The good news is that lots of energy can solve lots of problems.  As more
and more solar and wind comes on line, excess energy will be available
CHEAP at some times of the day/week/season, etc.  And when energy is cheap
or free, then even inefficient processes can take advantage of it and do
useful things.

Such as desalinazition and energy storage!

But we start with a focus now on building that Solar/Wind supply!

Bob, WB4APR

-----Original Message-----
From: EV <[email protected]> On Behalf Of Lee Hart via EV
Sent: Friday, June 28, 2019 12:24 PM
To: Electric Vehicle Discussion List <[email protected]>
Cc: Lee Hart <[email protected]>
Subject: Re: [EVDL] Excellent article

Michael Ross via EV wrote:
> Electrolysis has thermodynamic limits to efficiency, but making H2 and
> O2 are a good way to store, large scale, renewable energy for which no
> other means are as environmentally sound.

I happened to see a news article in the June 2019 issue of Machine Design
magazine. Researchers at Standord University built a new kind of
battery/fuel cell.

It charges during the day with solar power. It is discharged at night,
when the power is needed. The charging process uses electrolysis to break
water into H2 and O2; this is recombined in a separate cell to generate
electricity.

Since it's using electrolysis, it's not very efficient. But there's a
twist: The charging is done with seawater as the electrolyte! When the
resulting H2 and O2 are recombined, you get electricity, and fresh water
as a byproduct.

The team thinks it can be used for desalination plants onboard ship, or in
arid seacoast regions. It could be less expensive, and have less
environmental impact that present solutions.

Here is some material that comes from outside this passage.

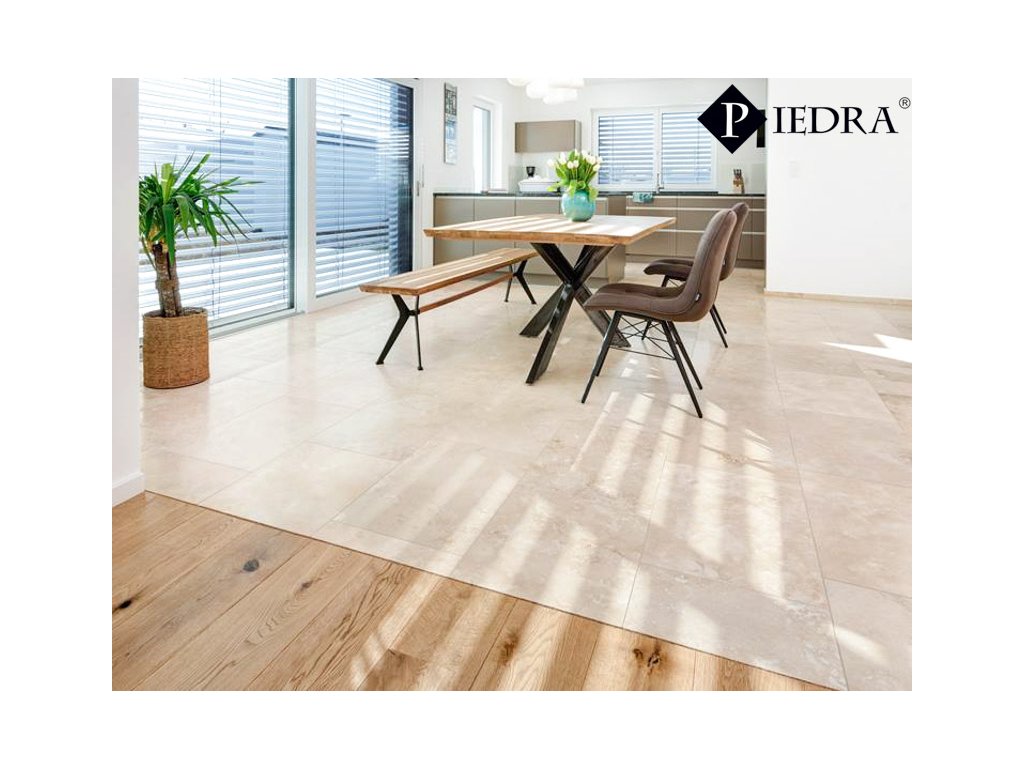 Płytki z naturalnego trawertynu Light,wypełaniany, szlifowana – matowa, 61 x 40,6 x 1,2 cm.

I was struck by their cell technology. It is basically an Edison
nickel-iron cell! They naturally tend to gas a lot, and use potassium
hydroxide as the electrolyte. Instead of minimizing the gassing, the
researchers are maximizing it. The salt in seawater provides chlorine
instead of potassium, which still works.

Normally, the chlorine in seawater would corrode the nickel. So they
layered nickel-iron hydroxide on top of nickel sulfide, to cover and
protect the nickel plate itself. So far, the new cells can convert
electricity into H2 and O2 using seawater as efficiently as normal
electrolysis cells using pure water. It also handles up to 10 times higher
current densities, and last about 1000 hours.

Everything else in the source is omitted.